§ INSTRUCTIONS FOR THE TASK
Would you transcribe the records below from the line with "ทรงพล ตั้งกิจถาวร ผู้ช่วยกรรมการผู้จัดการใหญ่" to the line with "Gustavsberg Unitazo modeliai", ends included, exactly and with nothing more, leaving the pictures out?

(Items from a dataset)
┄┄┄┄┄┄

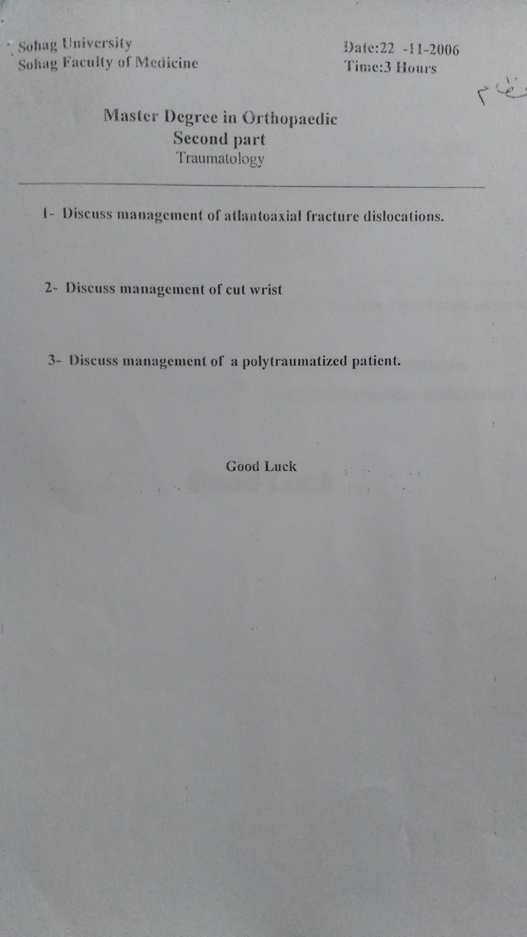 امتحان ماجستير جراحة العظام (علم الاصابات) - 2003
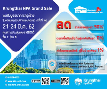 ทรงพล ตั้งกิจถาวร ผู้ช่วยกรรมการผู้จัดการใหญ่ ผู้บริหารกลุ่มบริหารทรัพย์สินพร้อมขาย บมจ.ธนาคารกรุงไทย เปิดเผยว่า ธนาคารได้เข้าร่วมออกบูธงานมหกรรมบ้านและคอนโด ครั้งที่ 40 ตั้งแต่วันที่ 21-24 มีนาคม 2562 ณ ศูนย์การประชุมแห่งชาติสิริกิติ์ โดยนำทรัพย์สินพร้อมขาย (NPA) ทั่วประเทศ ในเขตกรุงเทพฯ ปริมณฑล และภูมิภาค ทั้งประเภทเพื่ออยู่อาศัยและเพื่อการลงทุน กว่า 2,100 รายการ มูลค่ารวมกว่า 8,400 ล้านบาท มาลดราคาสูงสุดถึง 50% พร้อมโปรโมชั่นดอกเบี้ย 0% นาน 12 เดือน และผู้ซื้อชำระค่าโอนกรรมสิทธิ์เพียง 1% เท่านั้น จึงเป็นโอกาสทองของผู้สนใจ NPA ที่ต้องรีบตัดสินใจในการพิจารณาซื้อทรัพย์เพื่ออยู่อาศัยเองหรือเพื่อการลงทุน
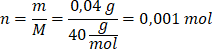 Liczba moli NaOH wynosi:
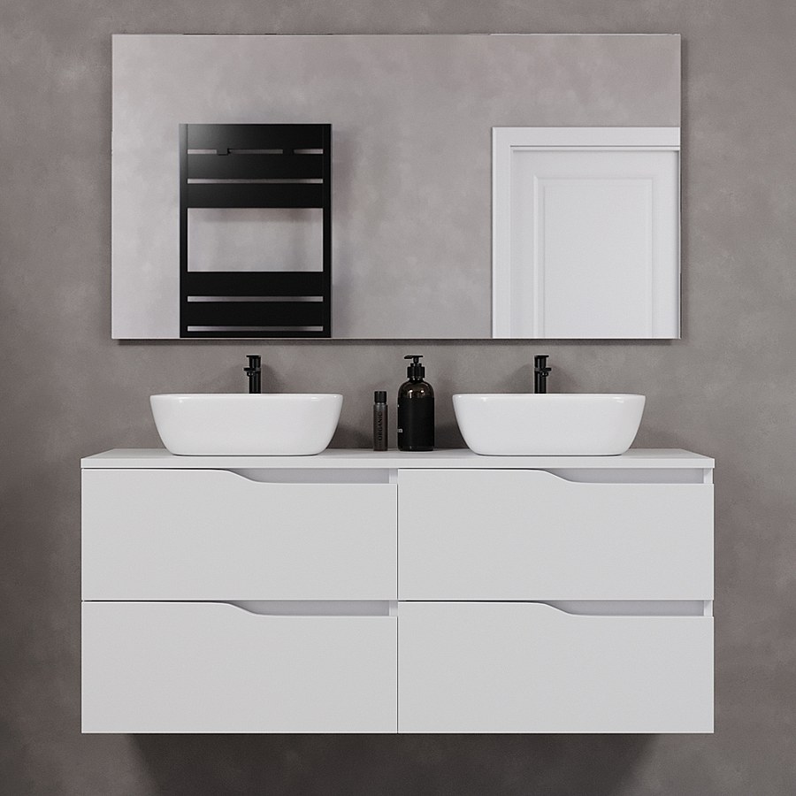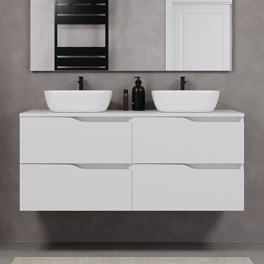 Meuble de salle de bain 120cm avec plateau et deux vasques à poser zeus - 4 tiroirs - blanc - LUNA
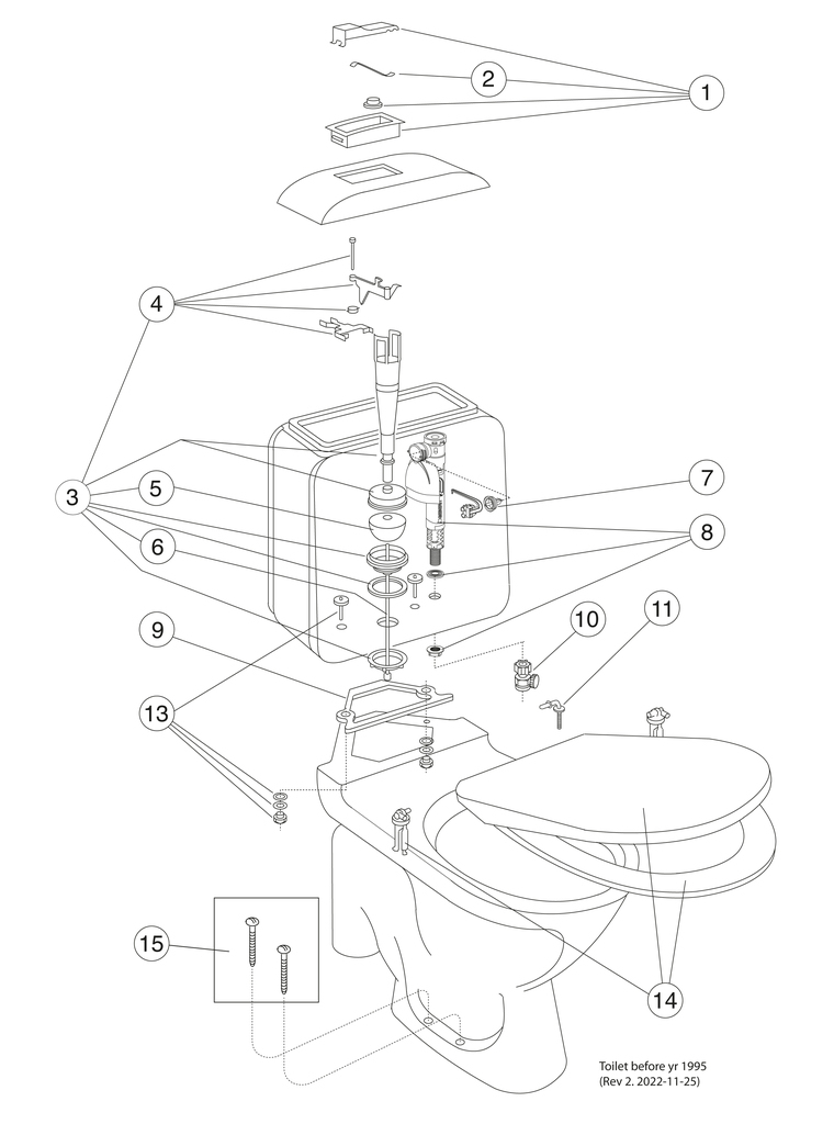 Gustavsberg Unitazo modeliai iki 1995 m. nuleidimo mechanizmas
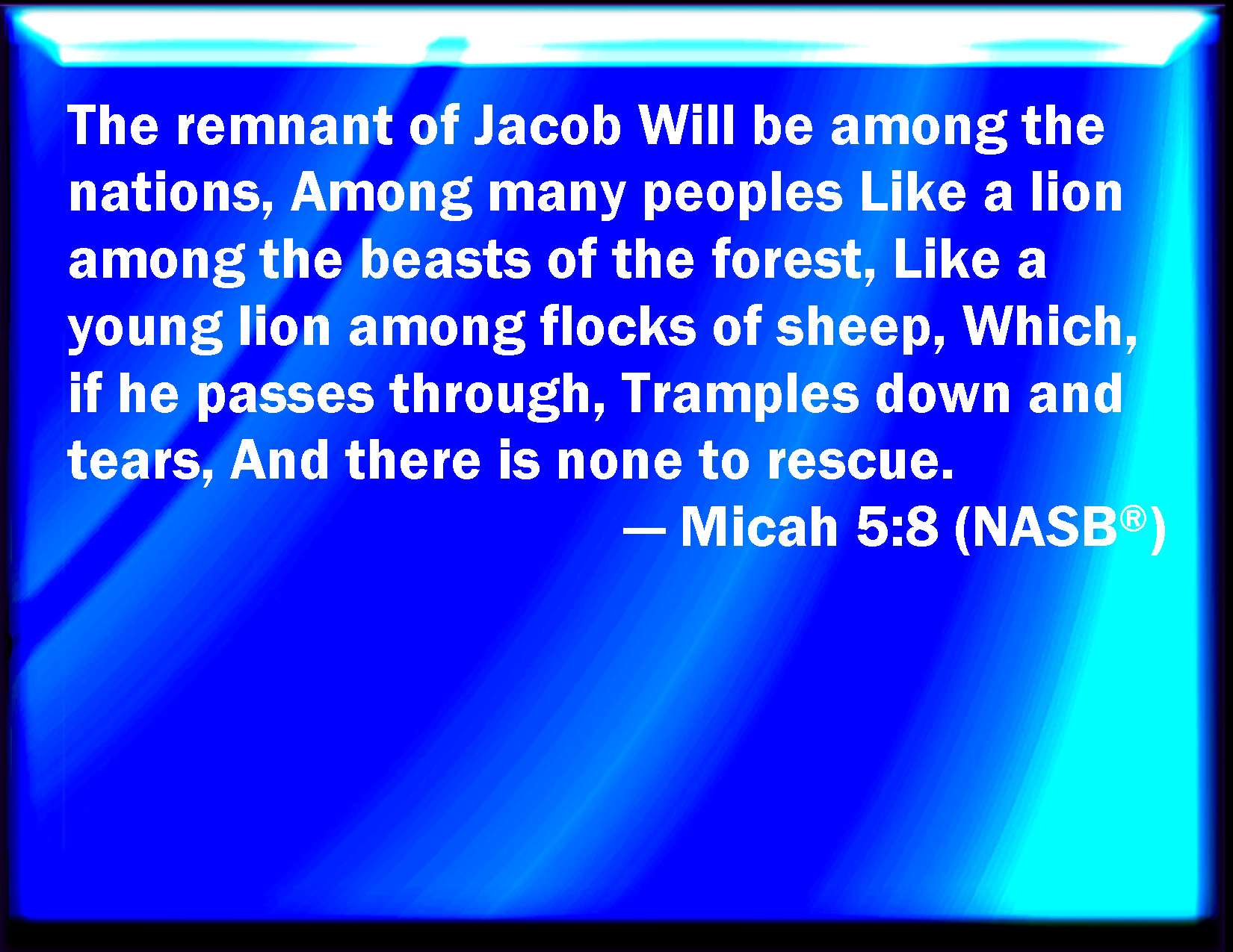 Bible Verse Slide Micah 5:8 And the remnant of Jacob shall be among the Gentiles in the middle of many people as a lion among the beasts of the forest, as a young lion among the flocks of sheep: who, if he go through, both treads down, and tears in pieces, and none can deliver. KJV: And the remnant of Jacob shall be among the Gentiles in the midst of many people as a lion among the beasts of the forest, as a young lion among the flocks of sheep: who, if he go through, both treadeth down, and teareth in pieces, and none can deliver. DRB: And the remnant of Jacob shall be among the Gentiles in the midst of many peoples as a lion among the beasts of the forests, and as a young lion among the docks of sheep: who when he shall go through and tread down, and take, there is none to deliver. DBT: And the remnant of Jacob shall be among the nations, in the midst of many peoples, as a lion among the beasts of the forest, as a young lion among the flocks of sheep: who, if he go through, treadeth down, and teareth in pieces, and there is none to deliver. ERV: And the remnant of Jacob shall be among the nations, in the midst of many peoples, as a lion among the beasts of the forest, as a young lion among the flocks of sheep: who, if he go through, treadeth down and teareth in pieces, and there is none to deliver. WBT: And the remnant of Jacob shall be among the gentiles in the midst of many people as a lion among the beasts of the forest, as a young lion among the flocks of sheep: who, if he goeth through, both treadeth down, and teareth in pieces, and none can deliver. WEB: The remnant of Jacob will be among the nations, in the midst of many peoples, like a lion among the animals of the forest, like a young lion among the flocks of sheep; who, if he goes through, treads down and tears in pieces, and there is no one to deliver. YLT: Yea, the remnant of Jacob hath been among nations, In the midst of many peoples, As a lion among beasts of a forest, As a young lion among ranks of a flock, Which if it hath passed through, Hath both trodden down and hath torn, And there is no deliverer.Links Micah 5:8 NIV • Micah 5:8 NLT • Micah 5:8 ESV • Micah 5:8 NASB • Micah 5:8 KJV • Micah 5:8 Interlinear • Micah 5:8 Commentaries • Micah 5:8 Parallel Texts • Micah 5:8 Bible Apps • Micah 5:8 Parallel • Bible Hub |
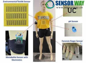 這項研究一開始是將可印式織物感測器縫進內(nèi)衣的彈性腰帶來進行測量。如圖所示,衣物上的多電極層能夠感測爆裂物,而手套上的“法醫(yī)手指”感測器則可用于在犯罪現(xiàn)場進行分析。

┄┄┄┄┄┄

§ ANSWER TO THIS TASK
 ทรงพล ตั้งกิจถาวร ผู้ช่วยกรรมการผู้จัดการใหญ่ ผู้บริหารกลุ่มบริหารทรัพย์สินพร้อมขาย บมจ.ธนาคารกรุงไทย เปิดเผยว่า ธนาคารได้เข้าร่วมออกบูธงานมหกรรมบ้านและคอนโด ครั้งที่ 40 ตั้งแต่วันที่ 21-24 มีนาคม 2562 ณ ศูนย์การประชุมแห่งชาติสิริกิติ์ โดยนำทรัพย์สินพร้อมขาย (NPA) ทั่วประเทศ ในเขตกรุงเทพฯ ปริมณฑล และภูมิภาค ทั้งประเภทเพื่ออยู่อาศัยและเพื่อการลงทุน กว่า 2,100 รายการ มูลค่ารวมกว่า 8,400 ล้านบาท มาลดราคาสูงสุดถึง 50% พร้อมโปรโมชั่นดอกเบี้ย 0% นาน 12 เดือน และผู้ซื้อชำระค่าโอนกรรมสิทธิ์เพียง 1% เท่านั้น จึงเป็นโอกาสทองของผู้สนใจ NPA ที่ต้องรีบตัดสินใจในการพิจารณาซื้อทรัพย์เพื่ออยู่อาศัยเองหรือเพื่อการลงทุน
 Liczba moli NaOH wynosi:
 Meuble de salle de bain 120cm avec plateau et deux vasques à poser zeus - 4 tiroirs - blanc - LUNA
 Gustavsberg Unitazo modeliai iki 1995 m. nuleidimo mechanizmas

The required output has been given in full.